YOUR INSTRUCTIONS:
Exactly the lines from the one containing "Have you always" through the final line of the data below, with pictures omitted, make up the answer.

DATASET EXTRACT:

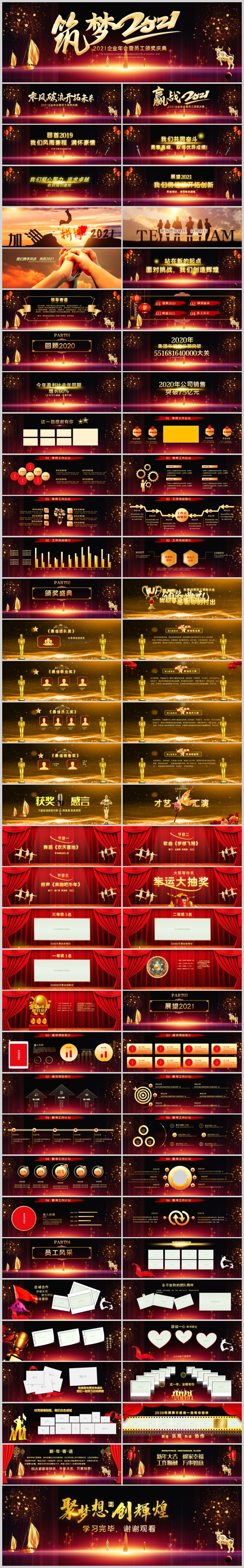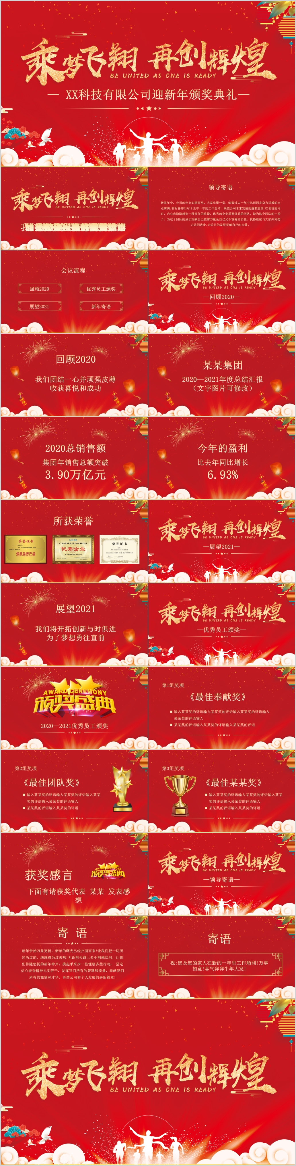 2021中国风喜庆新年春节颁奖表彰晚会牛年年会ppt模板
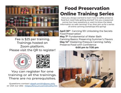 Have you always wanted to learn how to safely preserve food but need help getting started? Are you a seasoned canner but have questions or want to know the latest information on safe canning? If so, then join us for a series of online canning workshops this spring!
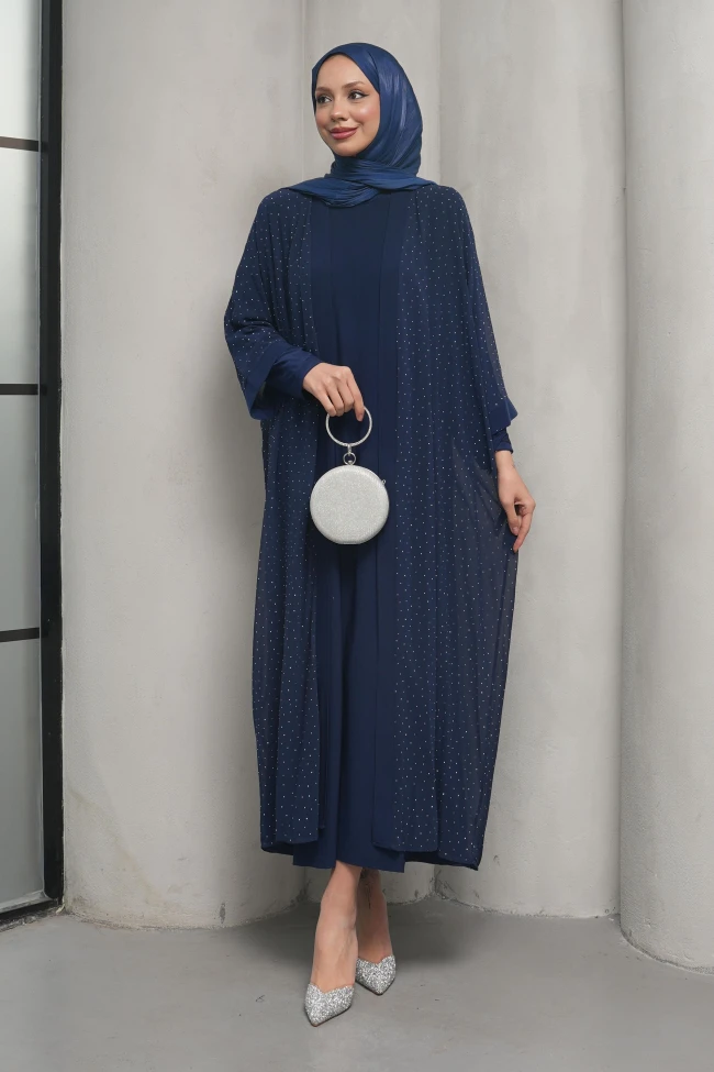 * Ürün Detay :Görseldeki abaya takımı oldukça zarif ve modern bir çizgiye sahip.İnce ve dökümlü şifon kumaş kullanılmış. Bu, abayanın hem hafif hem de hareketli durmasını sağlıyor.Üzerindeki küçük taş işlemeleri, düz rengin ağırlığını kırarak ürüne şık bir gece kıyafeti havası katmış. Taşların sıklığı "yıldızlı gökyüzü" efektini çok iyi veriyor.Kimono kesim kollar ve maksi boy, abayanın geleneksel formunu korurken; iç kısımdaki düz siyah elbise ile kombinlenmesi takımı bütüncül ve kullanışlı hale getirmiş.

ANSWER SPACE:
 Have you always wanted to learn how to safely preserve food but need help getting started? Are you a seasoned canner but have questions or want to know the latest information on safe canning? If so, then join us for a series of online canning workshops this spring!
 * Ürün Detay :Görseldeki abaya takımı oldukça zarif ve modern bir çizgiye sahip.İnce ve dökümlü şifon kumaş kullanılmış. Bu, abayanın hem hafif hem de hareketli durmasını sağlıyor.Üzerindeki küçük taş işlemeleri, düz rengin ağırlığını kırarak ürüne şık bir gece kıyafeti havası katmış. Taşların sıklığı "yıldızlı gökyüzü" efektini çok iyi veriyor.Kimono kesim kollar ve maksi boy, abayanın geleneksel formunu korurken; iç kısımdaki düz siyah elbise ile kombinlenmesi takımı bütüncül ve kullanışlı hale getirmiş.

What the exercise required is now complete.